** WORK INSTRUCTION **
Every line below from the one with "2月18日讯 北京时间2月1" through the one with "Aydın Efeler ilçesi'nde" is to be repeated exactly, with no picture among them.
□ □ □ □ □ □ □
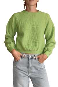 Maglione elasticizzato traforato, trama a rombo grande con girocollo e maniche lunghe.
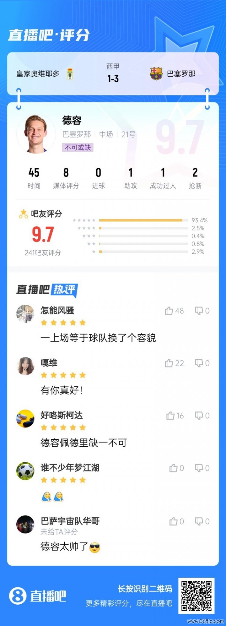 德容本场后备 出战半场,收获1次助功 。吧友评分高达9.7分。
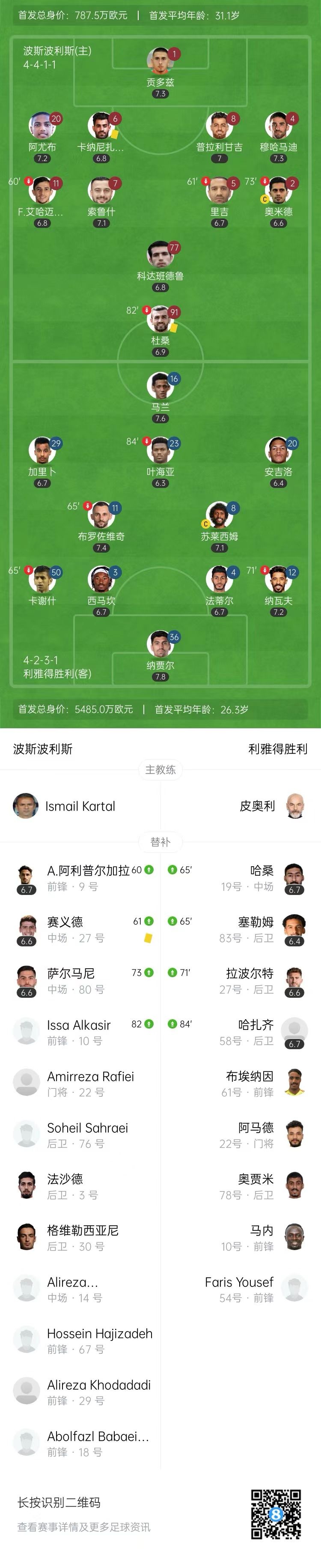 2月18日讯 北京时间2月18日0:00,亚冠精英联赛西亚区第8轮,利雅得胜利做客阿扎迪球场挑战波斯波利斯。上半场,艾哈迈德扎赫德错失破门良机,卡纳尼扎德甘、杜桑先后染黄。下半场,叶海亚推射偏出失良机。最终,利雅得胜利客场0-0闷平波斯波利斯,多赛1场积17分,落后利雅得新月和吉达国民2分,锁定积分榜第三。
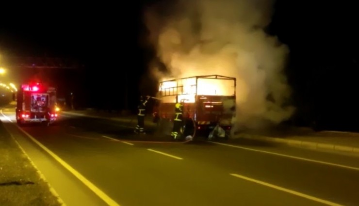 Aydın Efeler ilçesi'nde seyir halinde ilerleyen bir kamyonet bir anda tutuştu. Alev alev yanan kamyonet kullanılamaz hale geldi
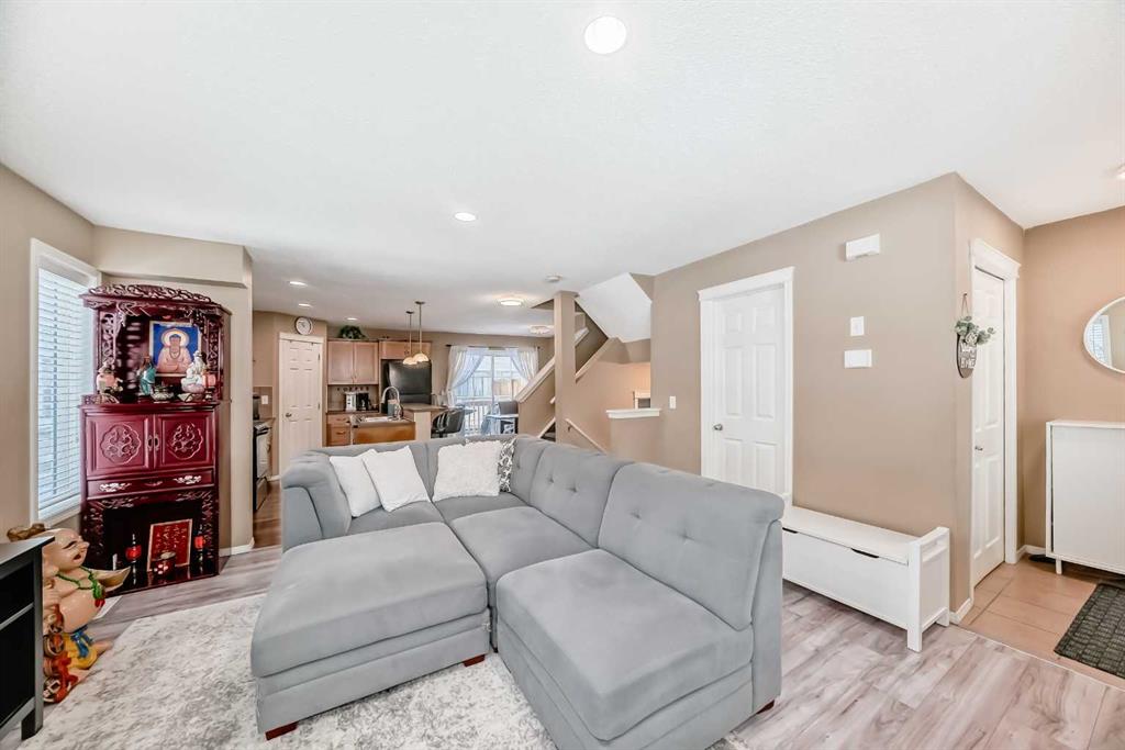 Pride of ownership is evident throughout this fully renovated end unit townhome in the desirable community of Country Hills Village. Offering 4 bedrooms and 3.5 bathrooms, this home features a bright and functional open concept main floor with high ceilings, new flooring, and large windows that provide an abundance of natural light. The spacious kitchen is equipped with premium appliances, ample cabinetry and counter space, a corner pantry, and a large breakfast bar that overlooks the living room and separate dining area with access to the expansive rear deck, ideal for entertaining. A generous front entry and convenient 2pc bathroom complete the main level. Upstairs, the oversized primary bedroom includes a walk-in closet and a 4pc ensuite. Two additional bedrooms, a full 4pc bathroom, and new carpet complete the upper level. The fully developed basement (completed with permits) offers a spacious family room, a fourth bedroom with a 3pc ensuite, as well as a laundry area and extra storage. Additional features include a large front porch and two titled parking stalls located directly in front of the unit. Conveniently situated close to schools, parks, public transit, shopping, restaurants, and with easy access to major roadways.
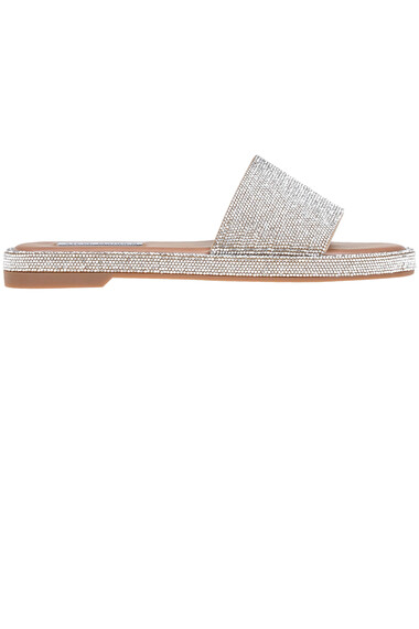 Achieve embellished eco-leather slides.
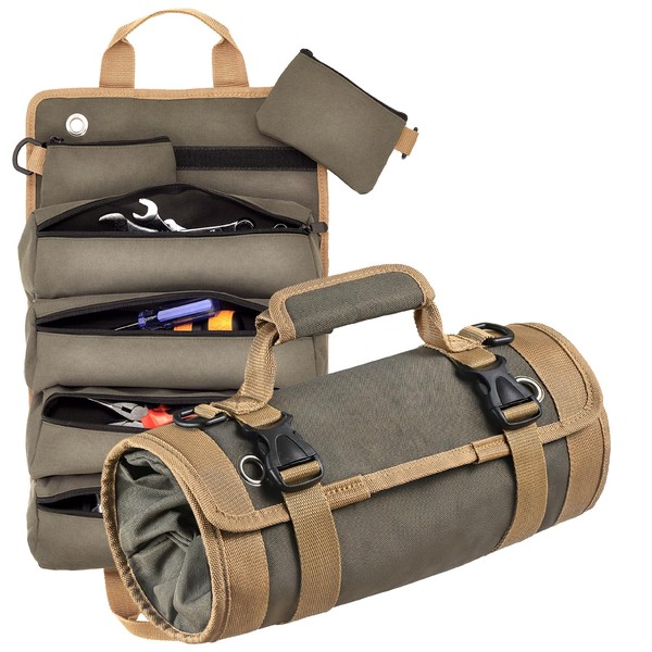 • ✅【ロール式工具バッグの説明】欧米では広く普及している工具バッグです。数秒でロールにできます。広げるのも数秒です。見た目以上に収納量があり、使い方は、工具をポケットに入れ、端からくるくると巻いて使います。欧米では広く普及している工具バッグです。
□ □ □ □ □ □ □
** TASK SOLUTION **
 2月18日讯 北京时间2月18日0:00,亚冠精英联赛西亚区第8轮,利雅得胜利做客阿扎迪球场挑战波斯波利斯。上半场,艾哈迈德扎赫德错失破门良机,卡纳尼扎德甘、杜桑先后染黄。下半场,叶海亚推射偏出失良机。最终,利雅得胜利客场0-0闷平波斯波利斯,多赛1场积17分,落后利雅得新月和吉达国民2分,锁定积分榜第三。
 Aydın Efeler ilçesi'nde seyir halinde ilerleyen bir kamyonet bir anda tutuştu. Alev alev yanan kamyonet kullanılamaz hale geldi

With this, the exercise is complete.